Новый Мир ( № 10 2005) - Новый Мир Новый Мир
Шрифт:
Интервал:
Закладка:
Я не умею ждать двое суток. Отчасти я устарел, как трифоновский герой Кандауров, мне все надо сделать “до упора”, у меня все спонтанно, но все и распланировано. Уже неделю, пока Саломея лежит в больнице, я каждый день вожу ей еду, которую она не ест, и фрукты, которые ей хочется, но которые ей есть нельзя. Ни одна душа не знает, что я нахожусь во внутренней панике, которую стараюсь ничем не выказывать. У собаки, у Розы, под мышкой огромная, с ладонь, опухоль. То есть у нее две опухоли: одна на бедре, эдакий бугорок, который она все время лижет, почти разросшаяся родинка, об этой опухоли мы знали, и, по правилам, ее давно надо было вырезать. Я так это себе и наметил — когда Саломея будет в больнице, свожу Розу в ветлечебницу на улице Россолимо. Копеечное, как мне казалось, быстрое дело под местным наркозом. Но не тут-то было...
Сейчас утро уже заканчивается. Хорош немецкий кофе, хорош “Брётхен”. Главное, что Саломея жива, а Роза, это было слышно в трубку, своим густым, совсем не женственным басом облаивает двор. Что же мне хотелось сказать?
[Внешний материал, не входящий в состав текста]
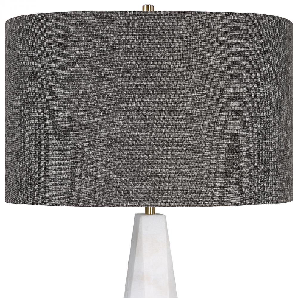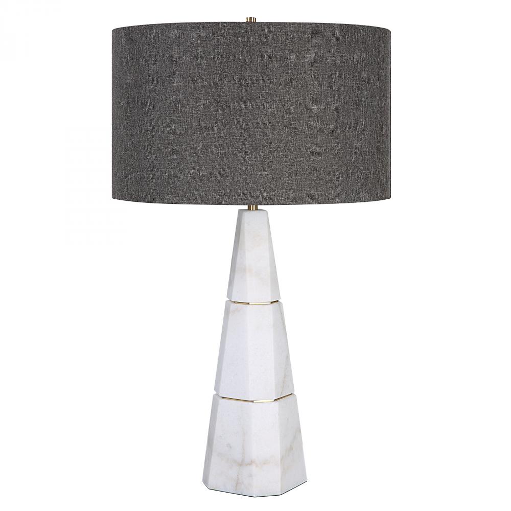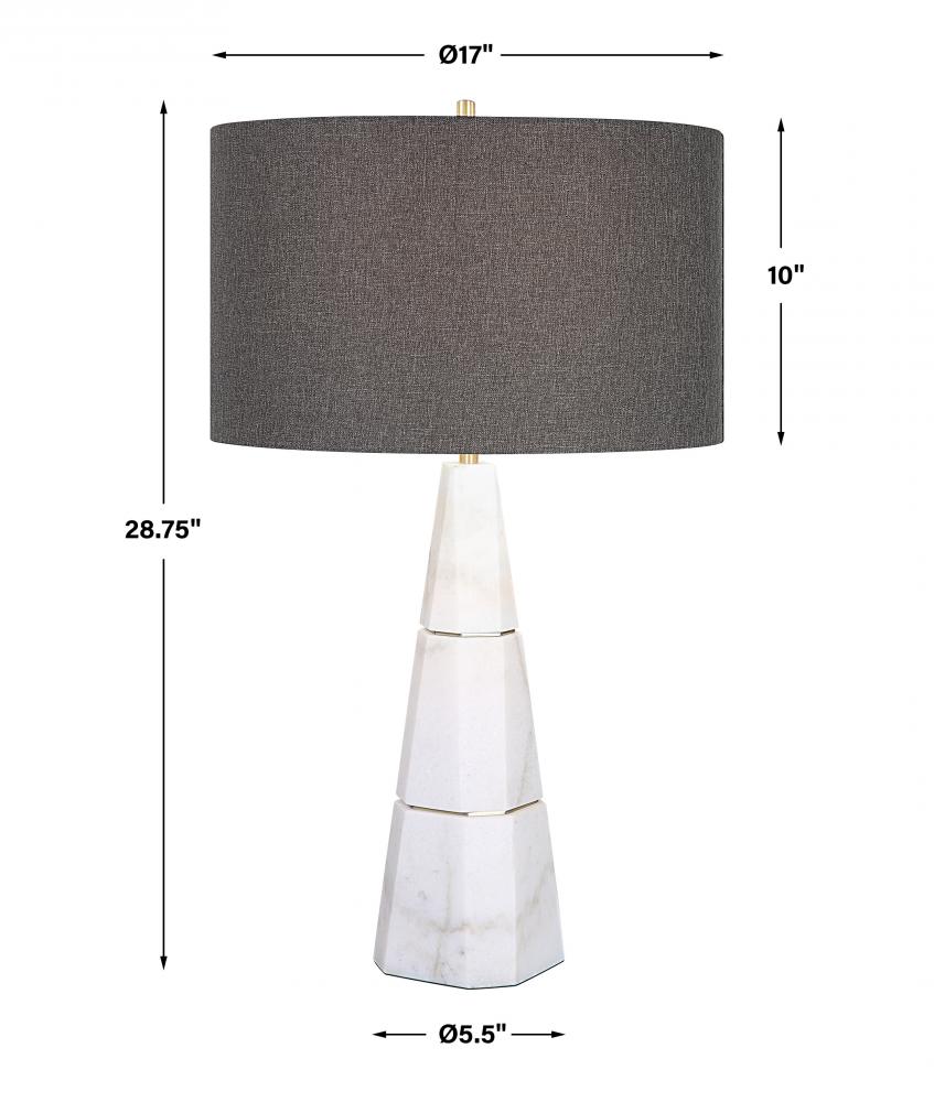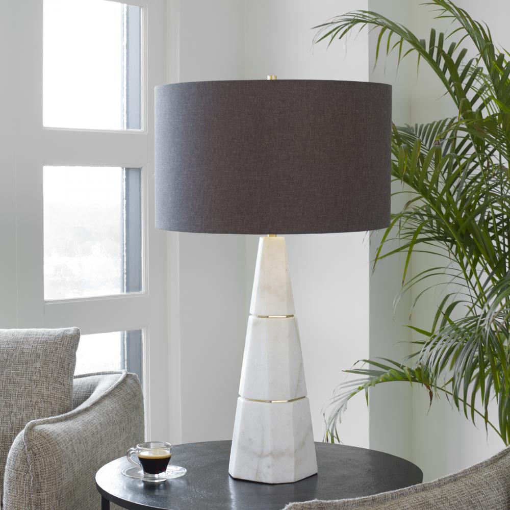 Modern Yet Classic, This Table Lamp Displays An Elegant White Honed Marble Base with Natural Gray Veining and Metal Accents Finished in Antique Brass. A Charcoal Gray Drum Shade Complements The Piece.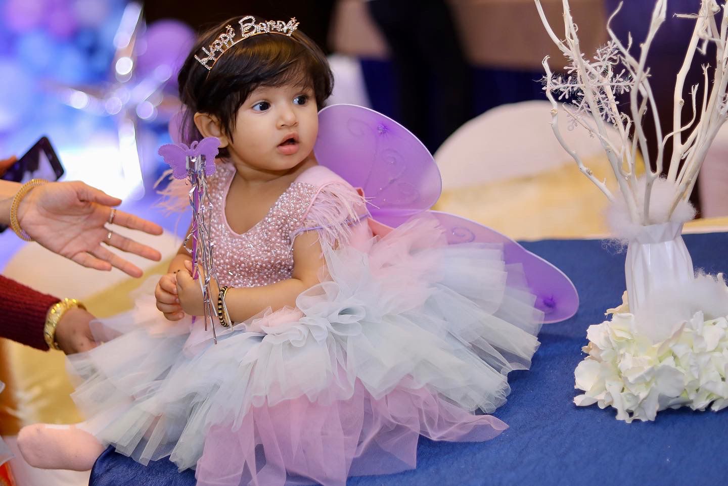 Luxurious crystals embedded bodice with rainbow color flare fluff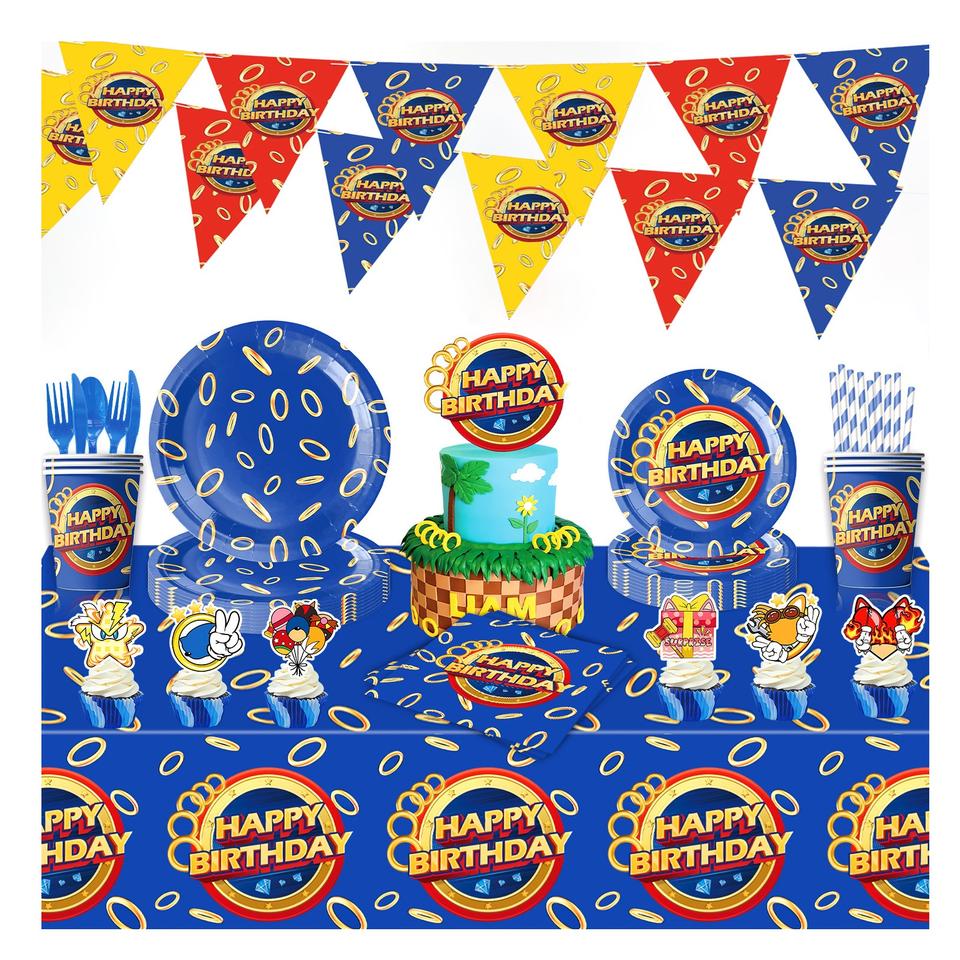 S0NlC les fournitures de fête d'anniversaire d'enfant de hérisson pour les garçons avec des assiettes en papier tasses bannière décorations de nappe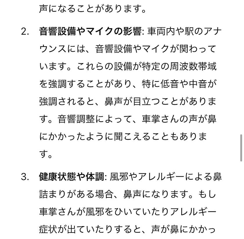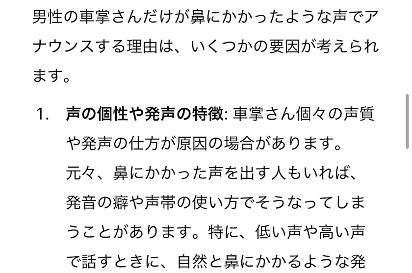 男性の車掌さんが鼻にかかった声で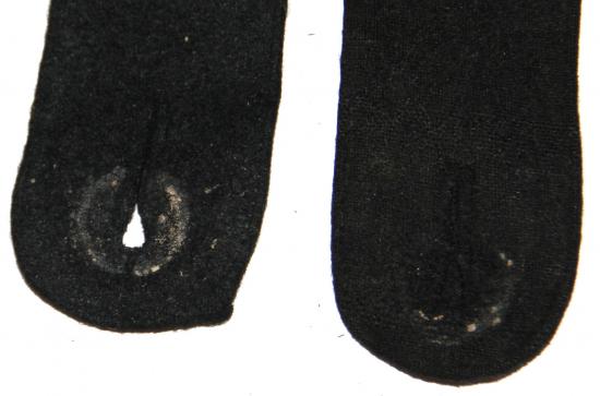 Black button on shoulder boards. Uniform removed and with some service wear. Impression of where the buttons have been. Interestingly, one is longer than the other however they have been worn as a pair with exactly the same commensurate age and wear.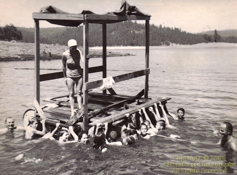 - Pinewood swim raft at Sly Park, summer of 1962. Larry Slater on the far left, Ron Parker on the far right, Margaret Slater on the raft. Students unidentified.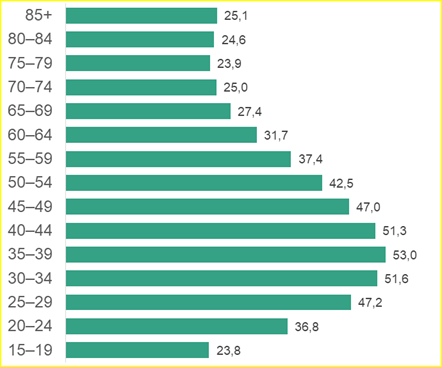 По мере взросления доходы планомерно растут и достигают пика — 53 тыс. рублей — в 35–39 лет. Чуть меньше — 52,3 и 51,6 тыс. — расходуют россияне 40–44 и 30–34 лет соответственно. Эксперты СберИндекса связывают такую статистику как с высокими затратами на обустройство жилья, детей и другие сферы жизни, так и с пиком доходов, который приходится на этот период жизни.

О не головном, а природном и естественном счастье, тяжелом, правда, как хомут першерона. Этого редчайшего счастья привязанности и любви я, может быть, и не хотел бы иметь в лице данного конкретного объекта. Но что делать — другим не располагаю. Это волшебство, это магнит. Такими были первые ассоциации, которые пронеслись у меня в сознании, когда я по телефону услышал голос Саломеи:
— Не волнуйся, у меня все в порядке.
— А как собака?
— С собакой тоже все в порядке. Она облаивает двор с балкона.
— Не выпускай ее на балкон слишком рано, она способна перебудить весь квартал.
Голос у Розы — густой, рыкающий бас. Я всегда думаю, что по мощи он не уступает густой патоке контральто Саломеи.
Ну слава Богу, все живы. То напряжение, которое исподволь владело мною все утро, ушло, душа моя теперь свободна на двое суток. Саломея снова, еле передвигая ноги, приползет на свои процедуры, и какой она оттуда выйдет? Как обычно, почти как вчера, с обновленно-ликующим организмом или... Специалисты хорошо знают, как сложны работающие гидросистемы и как легко разбалансировать их при любом изменении давления или подключения. Саломея не любит рассказывать, какая иногда в их зале бывает паника. Кого-нибудь вместе с аппаратом и креслом выгораживают ширмочками, и туда, за ширмочку, набиваются два или три врача. Потом ширмочку уносят, и все продолжается как всегда. Это человек вернулся с того света. Сего-дня хорошо, но через день я снова буду напряженно ждать утреннего звонка.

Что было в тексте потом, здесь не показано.